Produce una experiencia personal e inconfundible: Para una hermana puede ser un calor intenso en el pecho y un llanto de sanidad intercesora; para un hermano puede ser una fuerza que lo postra al suelo en adoración. No busques copiar la experiencia de otro, busca al dador del fuego, que es Jesús.
Ejemplo Ilustrativo: Imaginen un trozo de hierro frío. Si lo lavas con agua, le quitas la tierra, pero sigue siendo un hierro frío, duro e incapaz de cambiar de forma. Pero, ¿qué pasa si metes ese hierro en el fuego de la forja? El fuego se mete dentro del hierro. El hierro ya no solo está tocando el fuego, sino que el fuego está en él: se vuelve incandescente, maleable, brilla en la oscuridad y quema lo que lo toca. ¡Eso es el bautismo en el Espíritu! Dejas de ser un cristiano frío "lavado", para ser un cristiano "encendido" que quema la frialdad espiritual a su alrededor.
III. ¿Cómo recibir este Bautismo?
Hermanos, esta promesa no era solo para los apóstoles. Hechos 2:39 dice: "Porque para vosotros es la promesa, y para vuestros hijos, y para todos los que están lejos". Si tú ya eres salvo, este regalo es tuyo. ¿Cómo se recibe?
Con Sed: Jesús dijo: "Si alguno tiene sed, venga a mí y beba" (Juan 7:37). Tienes que cansarte de la monotonía religiosa.

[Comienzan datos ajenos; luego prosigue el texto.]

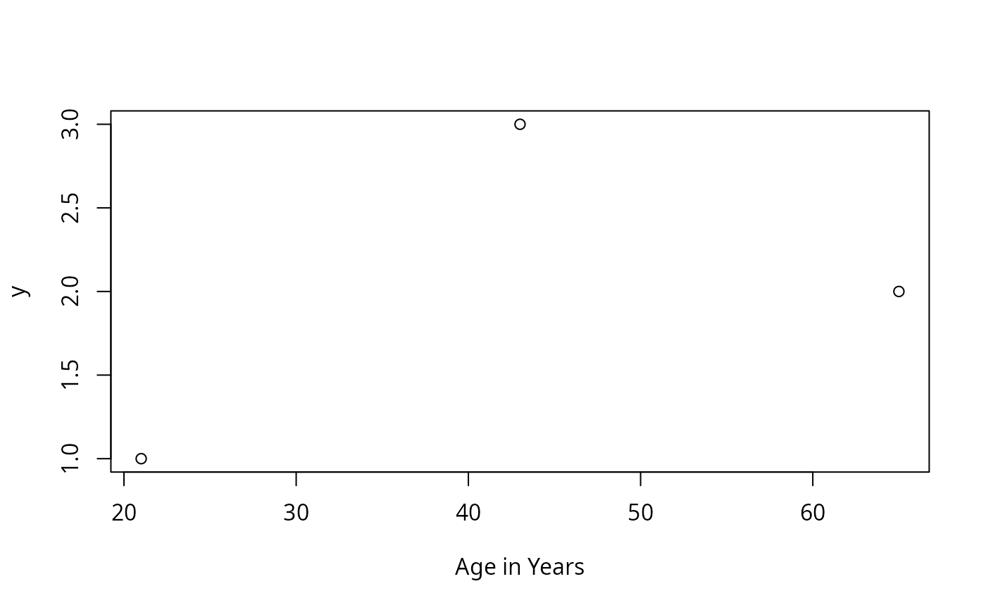 plot(age, y, xlab=valueLabel(age))

Con Oración y Espera: Los discípulos no estaban corriendo; estaban unánimes esperando la promesa (Hechos 1:14).
Con Fe y Rendición: Quita el control. Deja que el Espíritu Santo tome tu lengua, tus emociones, tu cuerpo y tu mente.
Llamado al Altar
Iglesia, no nos conformemos con tener nuestros nombres escritos en el libro de la vida y vivir una vida cristiana en "cámara lenta". Hoy Jesús está aquí, y Él sigue siendo el que bautiza con Espíritu Santo y Fuego.
Hombres que necesitan ser los sacerdotes de sus casas con poder; mujeres que necesitan levantarse como profetisas e intercesoras con fuego en sus labios: este es el momento. Pasemos al frente. Vamos a pedirle al Señor que rompa toda estructura humana y que su fuego sobrenatural caiga hoy sobre nosotros. ¡Oremos!